Consilium, a world leader in intelligent safety technology, has provided smoke and fire detectors for the Sea Rescue Society’s boats for many years. Goll notes these devices have been part of the fleet since he started.
“They are a trusted partner,” he says. “If something is wrong, they fix it. And the products are of good quality.”
This is important because the environment is harsh. The Sea Rescue Society’s boats are built to withstand up to 6.5 g, a force Goll compares to flying a fighter jet.
“We place high demands on equipment staying in place and lasting over time,” he says. “The boats often operate in harsh conditions and face significant external stress.”
When designing new rescue boats, the Sea Rescue Society made a rule: any equipment that couldn’t integrate into the existing control and monitoring system was excluded.
Consilium’s fire detectors connect directly to the boat’s main control system, sparing the crew from juggling extra panels or alarm indicators.
Goll sees this as part of a bigger change in fire safety. Older systems only gave a detector number, so crews had to search for the source. Newer systems show exactly where smoke or heat is and how the situation is developing.
On the Sea Rescue Society’s boats, the principle has been taken even further. The alarms no longer just beep. They speak.
“It might say: fire in the engine room,” Goll says. “That matters when you are bouncing around in a rescue boat. You should not have to hear a beep, look at a display, read it and start investigating. A voice tells you what is wrong.”
Goll circles back to the organisation’s local roots. Each rescue station has its own leaders, but the driving force is always the same: people want to help in the places they call home.

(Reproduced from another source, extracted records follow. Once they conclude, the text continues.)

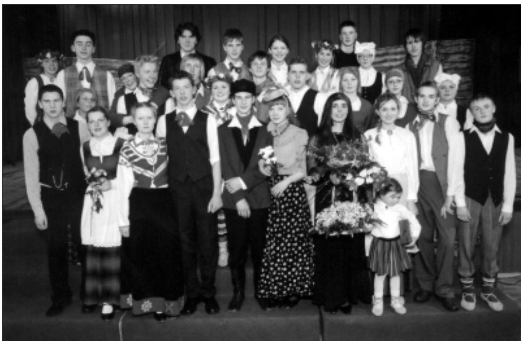
Visi tēlotāji kopā ar audzinātāju pēc izrādes

Prieks par izdevušos darbu izrādes noslēgumā bija visiem. Un vēl, šis iestudējums atgādināja, ka teātra tradīcijas Mālpilī varētu atdzimt, jo turpinātāji ir.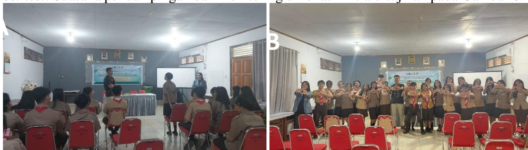
Gambar 6. (A & B) Proses pendampingan dan monitoring berkala

Tahap ketiga adalah Pendampingan dan Evaluasi. Pasca pelatihan, tim pelaksana melakukan pendampingan berkala untuk memonitor progres produksi mandiri siswa. Monitoring dilakukan baik secara langsung maupun daring melalui grup WhatsApp untuk memastikan kendala teknis dapat segera teratasi. Pada akhir kegiatan, dilakukan evaluasi kualitas produk fisik dan pengukuran peningkatan kompetensi melalui post-test . Suasana pendampingan dan monitoring di lokasi mitra disajikan pada Gambar 6.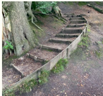
Herstel versleten elementen zoals trappen

In de visie wordt onderscheid gemaakt tussen drie soorten projecten: beheersmatige-, éénmalige- en top-projecten. Die laatsten kunnen onze parken extra uniek maken. Het gaat om het herstellen van historische lanen (zoals de Cederallee), realisatie op de Gulden Bodem van een object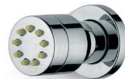
SOF84CR Soffioncino Body Spray Style Style adjustable body spray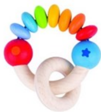
Erref. Kttk009 6,5zm. Egurra. Madera 4,5€

Pensado para chupar, morder, agitar y examinar. Favorecedor en las primeras fases de exploración y de la habilidad ojo-mano-boca.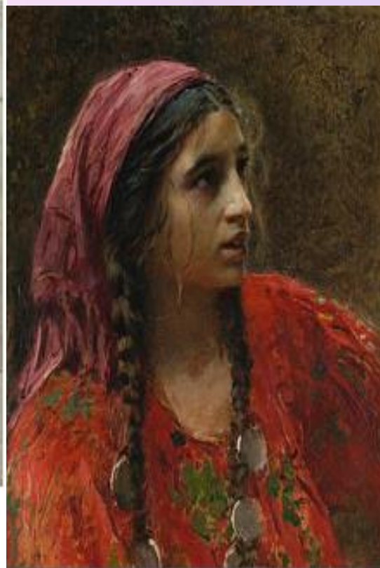
Chica romaní, de Konstantin Makovsky

Las gitanas, aún a día de hoy se ponen el tradicional pañuelo judío de mujer casada.

“What keeps it going is people’s care for their local community. Volunteers want their neighbours, friends, and visitors to be safe,” he says.

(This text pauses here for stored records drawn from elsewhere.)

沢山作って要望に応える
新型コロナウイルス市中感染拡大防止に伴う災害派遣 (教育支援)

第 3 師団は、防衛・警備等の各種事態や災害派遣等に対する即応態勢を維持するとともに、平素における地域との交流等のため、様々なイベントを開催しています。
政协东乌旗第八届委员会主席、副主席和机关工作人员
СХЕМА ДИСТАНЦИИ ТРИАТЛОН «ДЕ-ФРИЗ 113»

When he moved to Kalmar to train as a master mariner, he joined the local station. Volunteering made new friendships, connections, and a strong sense of belonging.
For Goll, this is the heart of the organisation’s success: rescue stations do not just serve their communities, they help build them.
“Teenagers work alongside volunteers in their seventies, from diverse backgrounds and professions. You quickly become part of the local community,” he says.
Entry requirements are straightforward: you must be able to swim 200 metres and be fit enough for the work.
After that, training, drills and team spirit carry much of the load. The work is technical, but it is also deeply personal. Volunteers leave dinners, family plans and quiet evenings at home because someone else’s day has suddenly taken a turn.
This, in turn, shapes how Sea Rescue Society talks about onboard safety. Rather than lecturing people, they rely on storytelling people sharing in their own words.
“The lesson travels within the tale. When people talk openly about their own incidents, the impact is different. You are not standing there pointing fingers,” he says.
The pointed finger, he admits, still has its place.
“Perhaps that is a habit I carry from my years as a master mariner,” he says, chuckling. “Sometimes I think people benefit from being told clearly. Then they sharpen up a bit.”
Apart from wearing a life jacket, his strongest advice is to make sure you can alert someone yourself, so that someone will always come.
“There are many ways to do that: a mobile phone, a VHF radio, a PLB (Personal locator beacon) or a small satellite messenger. The exact device matters less than the basic idea,” he says.
“Just promise me you’ve got at least one button you can press when things start going wrong.”